*** Block opens ***

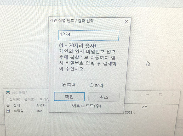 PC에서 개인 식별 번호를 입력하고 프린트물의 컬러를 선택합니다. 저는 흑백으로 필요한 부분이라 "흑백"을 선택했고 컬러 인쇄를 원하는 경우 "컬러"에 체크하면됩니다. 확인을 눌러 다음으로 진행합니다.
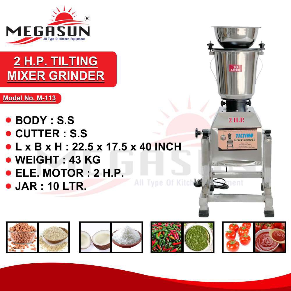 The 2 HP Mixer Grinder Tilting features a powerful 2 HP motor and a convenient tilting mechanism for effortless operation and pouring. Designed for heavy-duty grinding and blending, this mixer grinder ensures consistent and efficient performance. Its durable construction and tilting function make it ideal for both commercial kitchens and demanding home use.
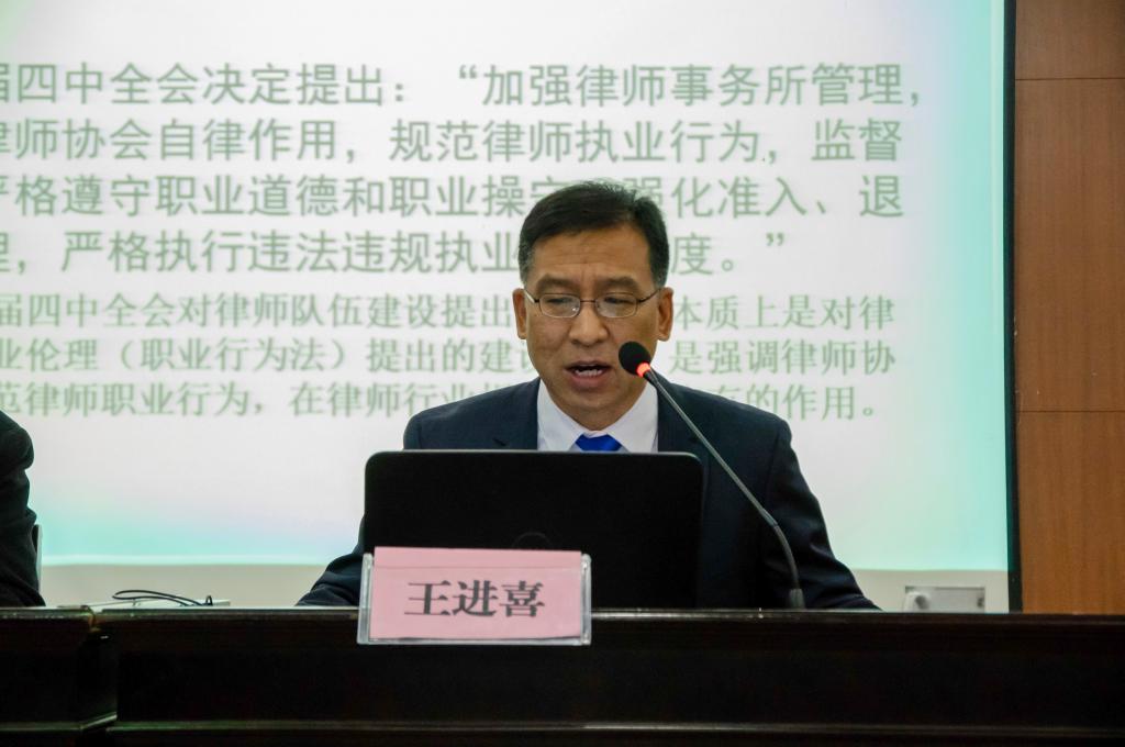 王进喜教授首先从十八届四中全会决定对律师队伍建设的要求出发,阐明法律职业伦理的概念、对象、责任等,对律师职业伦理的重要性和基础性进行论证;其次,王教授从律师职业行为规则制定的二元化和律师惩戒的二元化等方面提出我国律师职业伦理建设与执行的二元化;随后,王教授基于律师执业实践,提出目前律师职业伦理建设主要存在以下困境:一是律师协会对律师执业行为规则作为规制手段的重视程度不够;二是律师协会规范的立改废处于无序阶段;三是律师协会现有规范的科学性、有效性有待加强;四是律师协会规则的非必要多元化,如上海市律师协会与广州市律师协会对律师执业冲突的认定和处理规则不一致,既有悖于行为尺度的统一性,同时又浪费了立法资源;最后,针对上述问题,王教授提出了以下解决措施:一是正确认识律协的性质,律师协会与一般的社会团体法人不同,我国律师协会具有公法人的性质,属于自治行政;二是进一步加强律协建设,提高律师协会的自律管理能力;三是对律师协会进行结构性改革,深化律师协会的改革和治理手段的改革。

*** Block closes ***
*** Block opens ***

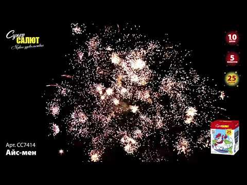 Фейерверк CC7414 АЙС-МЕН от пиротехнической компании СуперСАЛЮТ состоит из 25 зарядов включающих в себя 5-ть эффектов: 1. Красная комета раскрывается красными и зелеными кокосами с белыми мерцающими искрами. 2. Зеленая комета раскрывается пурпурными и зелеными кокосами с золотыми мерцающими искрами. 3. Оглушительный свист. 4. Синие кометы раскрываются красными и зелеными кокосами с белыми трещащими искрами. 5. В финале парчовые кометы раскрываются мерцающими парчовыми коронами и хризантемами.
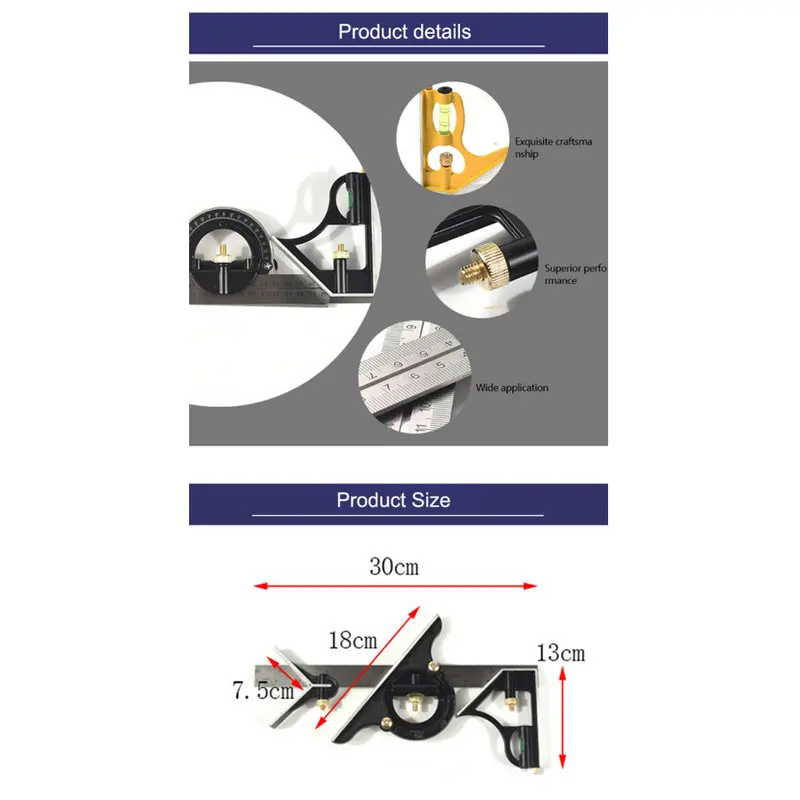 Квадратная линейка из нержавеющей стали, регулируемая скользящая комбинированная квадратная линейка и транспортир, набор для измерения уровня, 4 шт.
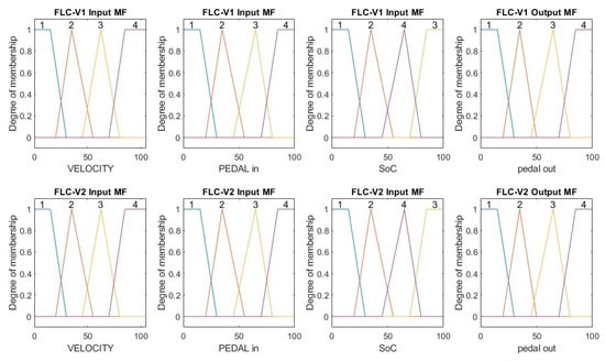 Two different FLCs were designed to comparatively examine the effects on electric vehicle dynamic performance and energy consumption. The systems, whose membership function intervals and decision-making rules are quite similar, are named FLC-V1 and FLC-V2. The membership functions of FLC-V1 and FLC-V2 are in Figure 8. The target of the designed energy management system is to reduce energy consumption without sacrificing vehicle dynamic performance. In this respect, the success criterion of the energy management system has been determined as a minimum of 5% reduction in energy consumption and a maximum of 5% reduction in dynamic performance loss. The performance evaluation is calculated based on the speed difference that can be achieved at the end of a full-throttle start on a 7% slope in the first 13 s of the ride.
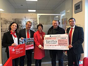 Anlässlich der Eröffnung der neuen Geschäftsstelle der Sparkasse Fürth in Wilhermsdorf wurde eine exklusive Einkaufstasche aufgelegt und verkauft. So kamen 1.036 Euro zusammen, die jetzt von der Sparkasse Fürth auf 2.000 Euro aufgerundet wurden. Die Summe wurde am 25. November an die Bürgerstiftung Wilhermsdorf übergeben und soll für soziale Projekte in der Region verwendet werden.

*** Block closes ***
*** Block opens ***

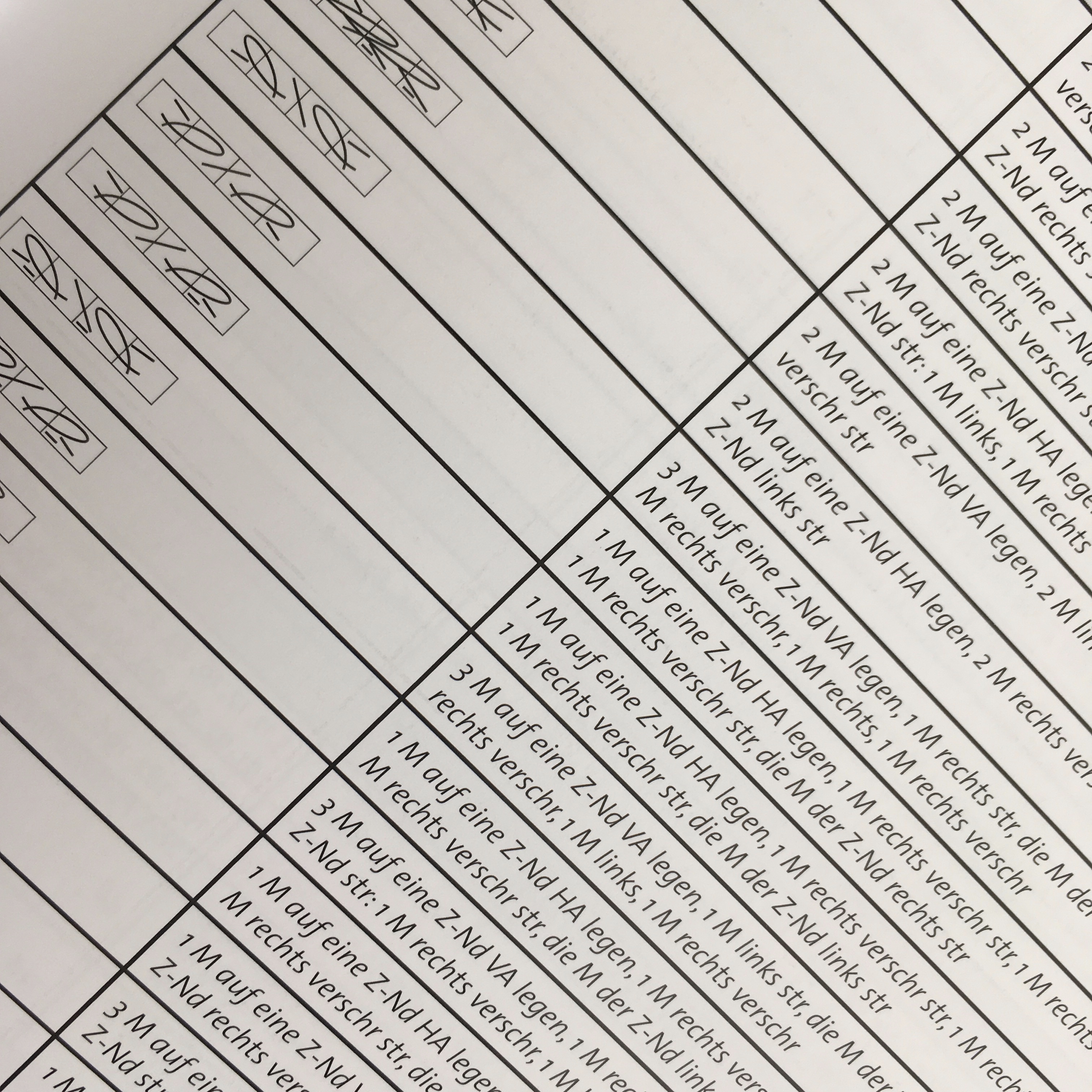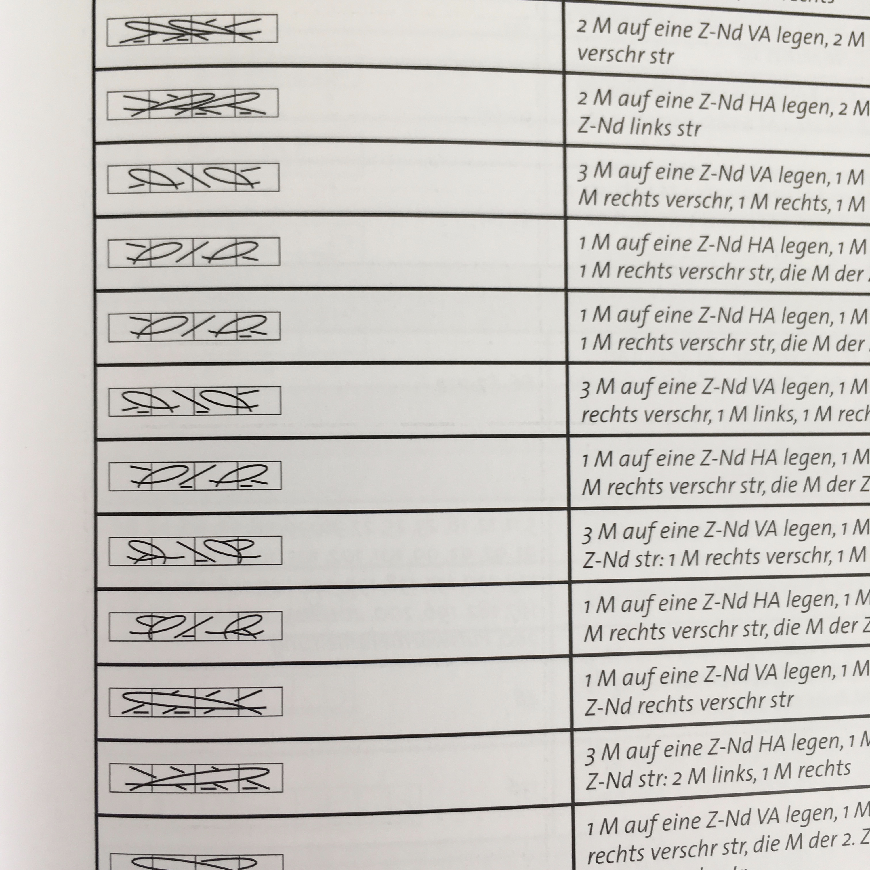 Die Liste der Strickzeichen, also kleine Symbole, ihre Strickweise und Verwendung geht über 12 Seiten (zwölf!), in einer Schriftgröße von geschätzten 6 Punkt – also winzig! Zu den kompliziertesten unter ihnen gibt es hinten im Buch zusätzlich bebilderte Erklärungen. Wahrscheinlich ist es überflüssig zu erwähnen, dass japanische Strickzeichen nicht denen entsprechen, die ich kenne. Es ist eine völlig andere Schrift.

*** Block closes ***

■ **TO DO**: An exact transcription is needed of the lines from the one with "Two different FLCs" to the one with "Anlässlich der Eröffnung" above, both ends included, with pictures left out.

■ **EXERCISE RESPONSE**:
 Two different FLCs were designed to comparatively examine the effects on electric vehicle dynamic performance and energy consumption. The systems, whose membership function intervals and decision-making rules are quite similar, are named FLC-V1 and FLC-V2. The membership functions of FLC-V1 and FLC-V2 are in Figure 8. The target of the designed energy management system is to reduce energy consumption without sacrificing vehicle dynamic performance. In this respect, the success criterion of the energy management system has been determined as a minimum of 5% reduction in energy consumption and a maximum of 5% reduction in dynamic performance loss. The performance evaluation is calculated based on the speed difference that can be achieved at the end of a full-throttle start on a 7% slope in the first 13 s of the ride.
 Anlässlich der Eröffnung der neuen Geschäftsstelle der Sparkasse Fürth in Wilhermsdorf wurde eine exklusive Einkaufstasche aufgelegt und verkauft. So kamen 1.036 Euro zusammen, die jetzt von der Sparkasse Fürth auf 2.000 Euro aufgerundet wurden. Die Summe wurde am 25. November an die Bürgerstiftung Wilhermsdorf übergeben und soll für soziale Projekte in der Region verwendet werden.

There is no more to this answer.